Paying for Doctors

Economic literacy is important. It is even more important when you cover one of the most controversial issues for the state’s leading newspaper. Winthrop Quigley covers health care for the Albuquerque Journal and while I don’t have a major problem with his reporting, a recent column (subscription required) of his stood out for its being based on a erroneous assumption.
Tthe headline — which Quigley probably did not write — provides a good summary of the article and my problem with it, “How we pay the doctor just coudn’t matter less.” This is simply absurd. How we pay doctors is actually the key to health care reform. If patients pay their doctors, then patients are viewed as the customer and will be treated as such. If it is insurance companies acting as the agent for employers or the government that has the relationship with doctors and ultimately pays them, then the doctors will respond to insurance companies or the government.

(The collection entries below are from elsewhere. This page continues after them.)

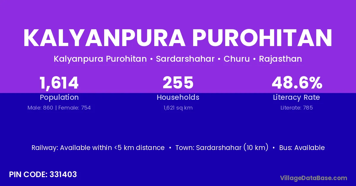 Sardarshahar (10 km) is the nearest town to Kalyanpura Purohitan village for major economic activities and is located approximately 10 km away.
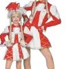 Le costume comprend la jupe et le top de pompom girl aux couleurs bleu-blanc-rouge.
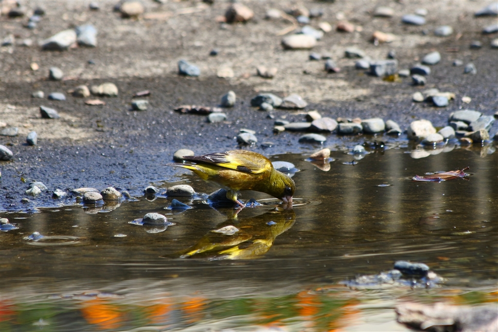 ・水を飲みにきたカワラヒワ

Quigley does point out in the article the problems associated with what he calls “health care’s 19th century business model” and he notes the very real problems posed by a single-payer system, but his argument that how we pay for health care is irrelevant does not hold water.
The fact is that government regulations and cost-shifting have contributed greatly to the inefficiencies and lack of responsiveness we see in today’s health care system. Giving individuals the same tax deduction now given to their employers would be a step in the right direction. So would allowing individuals to shop for health insurance across state lines as a means of avoiding state mandates that drive costs up significantly. Congressional action on market-based Medicaid and Medicare reforms would also help matters a great deal by limiting the problem of cost-shifting from Medicare and Medicaid users and on to paying customers.